Om te voorkomen dat alleen gekeken wordt naar de laagste prijs voor de uitvoering worden in dit artikel een aantal andere aspecten genoemd waarmee het college bij het vaststellen van tarieven (naast de prijs) rekening dient te houden.
De gemeente is op grond van de Algemene wet bestuursrecht in het algemeen verplicht tot een behoorlijke behandeling van mondelinge en schriftelijke klachten over gedragingen van personen en bestuursorganen die onder haar verantwoordelijkheid werkzaam zijn. Hierover is dus niets in deze verordening opgenomen.
In het eerste lid is een bepaling over klachten ten aanzien van aanbieders opgenomen. Een dergelijke bepaling is verplicht op grond van artikel 2.1.3, tweede lid, onder e, van de Wmo 2015, waarin is bepaald dat in de verordening in ieder geval wordt bepaald ten aanzien van welke voorzieningen een regeling voor de afhandeling van klachten van cliënten is vereist. De aanbieder is ten aanzien van de in de verordening genoemde voorzieningen verplicht een klachtregeling op te stellen (artikel 3.2, eerste lid, onder a, van de Wmo 2015).
In de memorie van toelichting (Kamerstukken II 2013/14, 33 841, nr. 3, blz. 57-58) staat dat cliënten in beginsel moeten kunnen klagen over de manier waarop zij zich bejegend voelen.
De cliënt kan ontevreden zijn over het gedrag van een gemeenteambtenaar, bijvoorbeeld over de wijze waarop een gesprek is gevoerd of over diens (vermeende) gebrek aan deskundigheid. Hiervoor is de mogelijkheid een klacht in te dienen bij de gemeente.

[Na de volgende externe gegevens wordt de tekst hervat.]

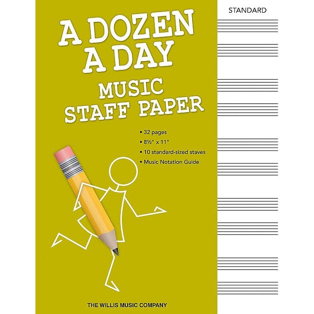 32 pages de papier de portée 8,5 x 11 avec 10 portées de taille standard par page, un guide de notation musicale et présentant les figurines amusantes en bâton de la série originale A Dozen a Day (qu'Edna Mae Burnam elle-même a dessinée !) sont présentées dans ce livre papier manuscrit.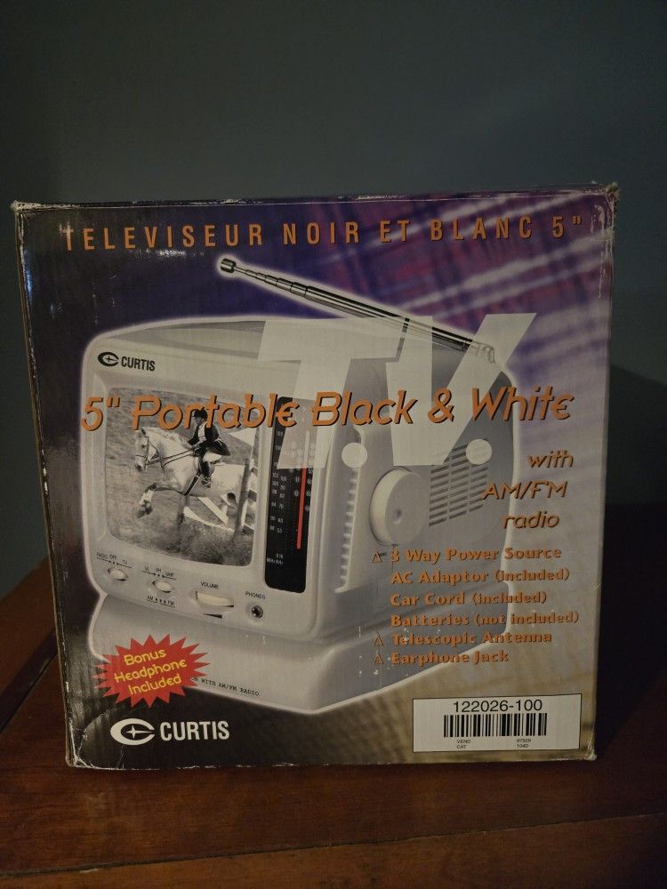 Old-school black and white 5 inch television with AM/FM radio. Everything pictured is included. Box and Manuals in good shape!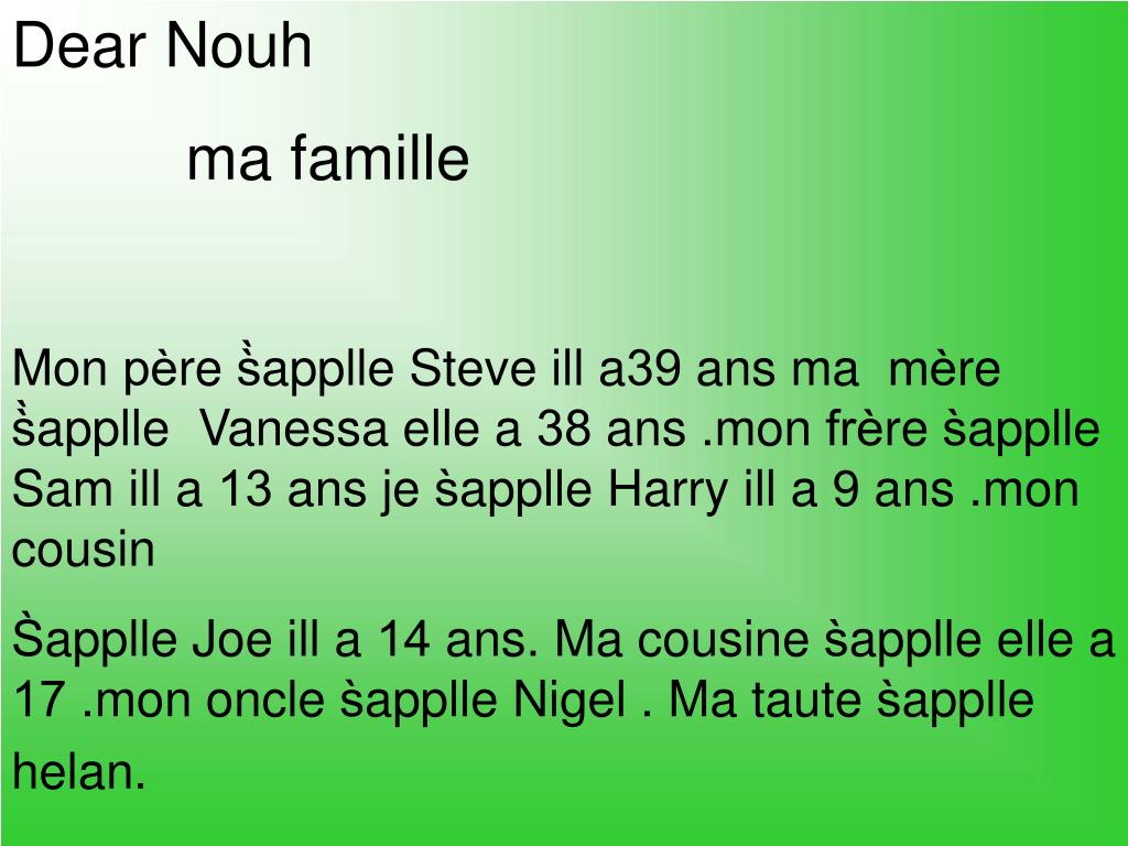 Dear Nouh ma famille Mon père s̀̀applle Steve ill a39 ans ma mère s̀̀applle Vanessa elle a 38 ans .mon frère s̀applle Sam ill a 13 ans je s̀applle Harry ill a 9 ans .mon cousin S̀applle Joe ill a 14 ans. Ma cousine s̀applle elle a 17 .mon oncle s̀applle Nigel . Ma taute s̀applle helan.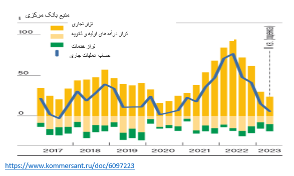 بر اساس گزارش بانک روسیه، مازاد حساب جاری تراز پرداخت ها در نیمه اول سال 2023 به 20.2 میلیارد دلار کاهش یافته است که 7.3 برابر کمتر از مدت مشابه سال 2022 است. این مازاد از 14.8 میلیارد دلار در سه ماهه اول به 5.4 میلیارد دلار در سه ماهه دوم کاهش یافت و در ژوئن 2023 حتی برای اولین بار از آگوست 2022 به کسری 1.4 میلیارد دلاری رسید. "ترازهای اخیر متاثر از عامل فصلی - اعلام سود سهام توسط شرکت های روسی است. بانک مرکزی توضیح میدهد که این وضعیت قبلاً نیز در دورههای مشابه سالهای گذشته با فضای نامطلوب برای صادرات روسیه مشاهده شده است. با این حال، به گفته تحلیلگران کانال تلگرام Solid Numbers، با در نظر گرفتن فصلی بودن، تراز همچنان مثبت است - حدود 1.8 میلیارد دلار. دلیل اصلی کسری حساب جاری کاهش صادرات و افزایش واردات از جمله خدمات گردشگری است (در ژانویه تا ژوئن 2023 تراز تجارت خارجی در شرایط سالانه 3.3 برابر کاهش یافت و به 54.3 میلیارد دلار رسید). دلیل دیگر افزایش تراز منفی درآمدهای اولیه و ثانویه است که شامل پرداخت سود و سود سهام میشود.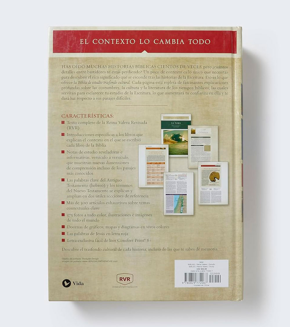 Has escuchado muchas historias de la Biblia cientos de veces, pero ¿cuántos detalles te estás perdiendo? A veces, solo se necesita un poco de contexto para descubrir el rico significado detrás de las historias más familiares de la Escritura. Eso es lo que proporciona la Biblia de estudio trasfondo cultural (RVR). Cada página de esta Biblia de estudio está repleta de información experta sobre las costumbres, la cultura y la literatura de los tiempos bíblicos.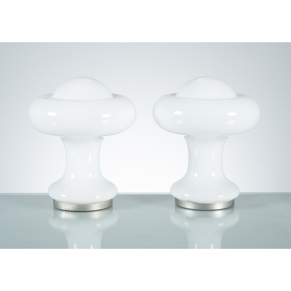 Coppia di lampade da tavolo ad una luce modello “Mushroom” in vetro lattimo, corpo unico cilindrico con diffusore semisferico. Base circolare in metallo cromato
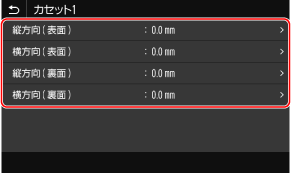給紙部とプリント面(オモテ面/ウラ面)ごとに、ずらす方向と幅を指定します。

De cliënt kan ook ontevreden zijn over een gedraging van de aanbieder, bijvoorbeeld over de kwaliteit van de geleverde begeleiding door de medewerker van de aanbieder of over een bepaalde houding of uitlating van die medewerker. Hiervoor is het mogelijk een klacht in te dienen bij de aanbieder.

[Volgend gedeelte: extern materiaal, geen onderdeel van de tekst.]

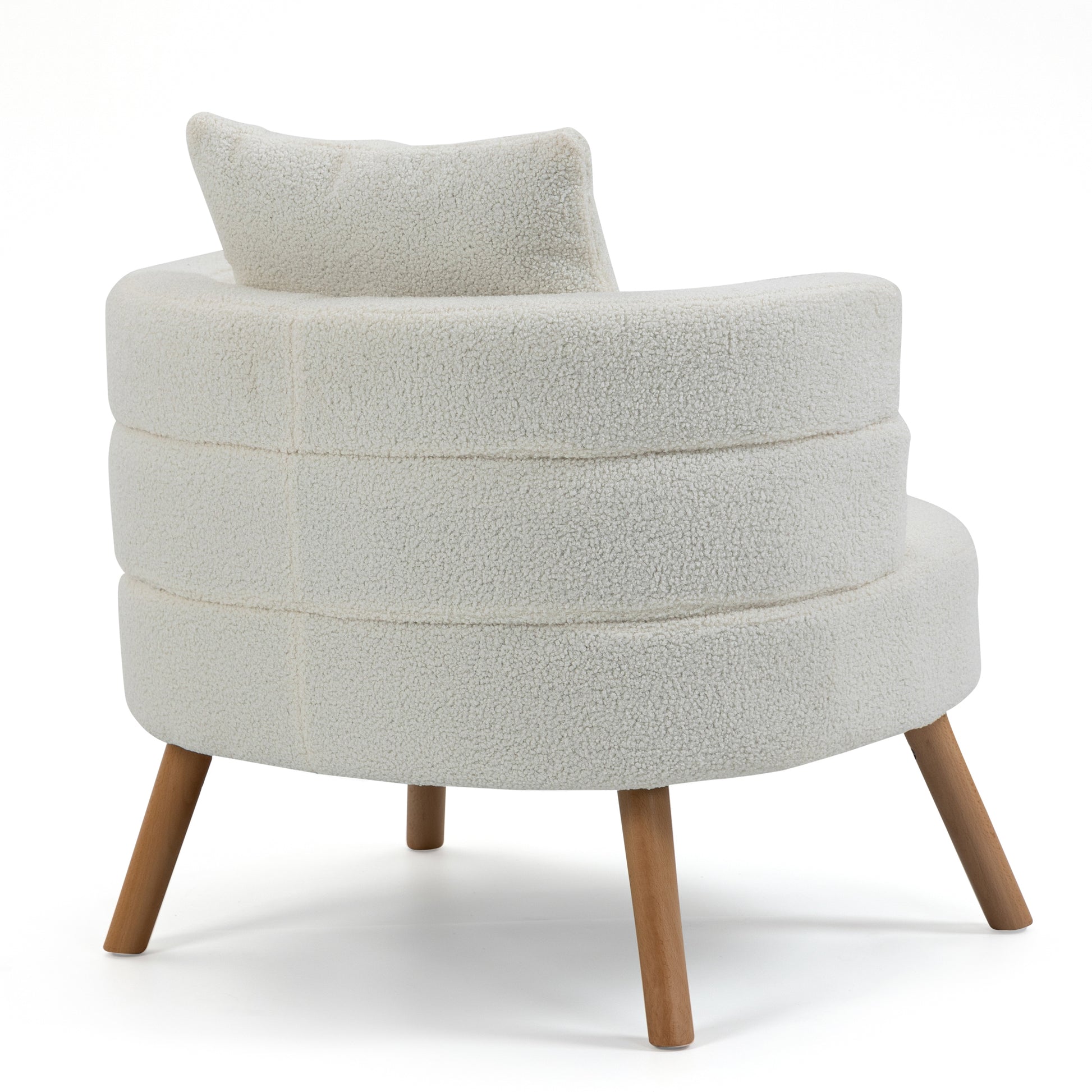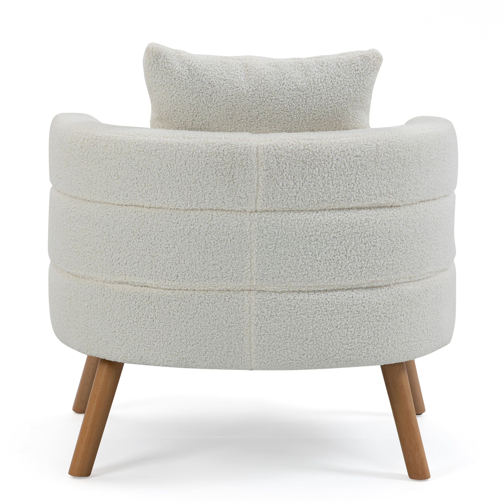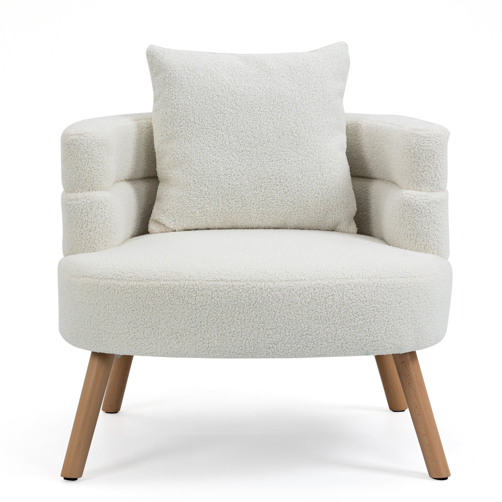 Elevate your interior decor with our exquisite white bouclé accent chair. Crafted with the utmost attention to detail, this chair features elegant wooden legs that infuse warmth and charm into any space. The included pillow enhances your comfort, while the plush bouclé upholstery provides a soft, luxurious feel. This chair is the perfect blend of style and relaxation, making it a must-have addition to your home.
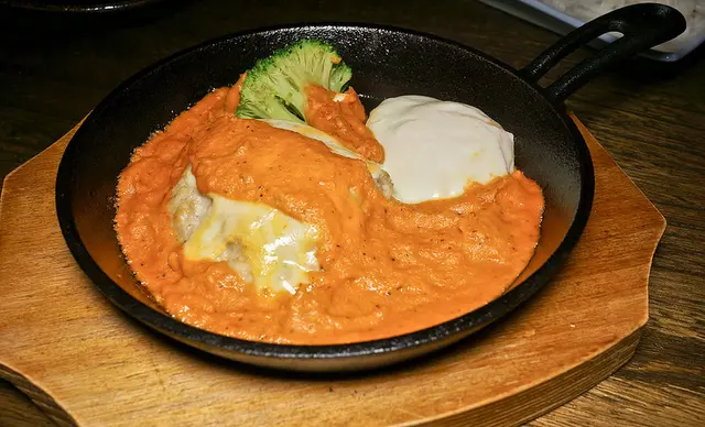 燒的過程中起司與雞肉的香味四溢 ,可以說有人點這道菜的話很容易害到其他桌客人 XD

De cliënt die een klacht heeft over een gedraging van de aanbieder dient deze eerst in te dienen bij de aanbieder. Deze cliënt moet er op kunnen vertrouwen dat de aanbieder de klacht snel afhandelt, liefst zo informeel mogelijk. Als de cliënt niet tevreden is over het resultaat van de afhandeling kan de cliënt een klacht indienen bij de gemeente. De cliënt kan de procedure terugvinden op de websites van de aanbieder en de gemeente. Verder is bij het Loket Samenleving een brochure beschikbaar waarin de klachtenprocedure staat beschreven.
Dit artikel geeft uitvoering aan artikel 2.1.3, tweede lid, onder f, van de Wmo 2015, waarin is bepaald dat in ieder geval moet worden bepaald ten aanzien van welke voorzieningen een regeling voor medezeggenschap van cliënten over voorgenomen besluiten van de aanbieder welke voor de gebruikers van belang zijn, vereist is.
In dit artikel gaat het dus om medezeggenschap van cliënten tegenover de aanbieder. Voorheen moest de aanbieder voldoen aan de in de Wet klachtrecht cliënten en de Wet medezeggenschap cliënten zorginstellingen (Wmcz) gestelde regels. Onder de Wmcz werd inspraak tegenover de aanbieder reeds verwezenlijkt via de cliëntenraad. Onder de Wmo 2015 is het stellen van regels geheel aan gemeenten overgelaten.
In het eerste lid is dit uitgewerkt door te bepalen dat aanbieders van maatwerkvoorzieningen dienen te beschikken over een effectieve regeling van medezeggenschap voor cliënten over voorgenomen besluiten van de aanbieder die van invloed zijn op de aan cliënten aangeboden voorzieningen.
In het tweede lid is een aantal instrumenten voor het college aangegeven om te zorgen dat de verplichting tot medezeggenschap door aanbieders goed wordt uitgevoerd.
Artikel 21 Betrekken van ingezetenen bij het beleid
Dit artikel geeft uitvoering aan artikel 2.1.3, derde lid, van de Wmo 2015.
Met het derde lid wordt het aan het college overgelaten om de exacte invulling van de medezeggenschap vorm te geven.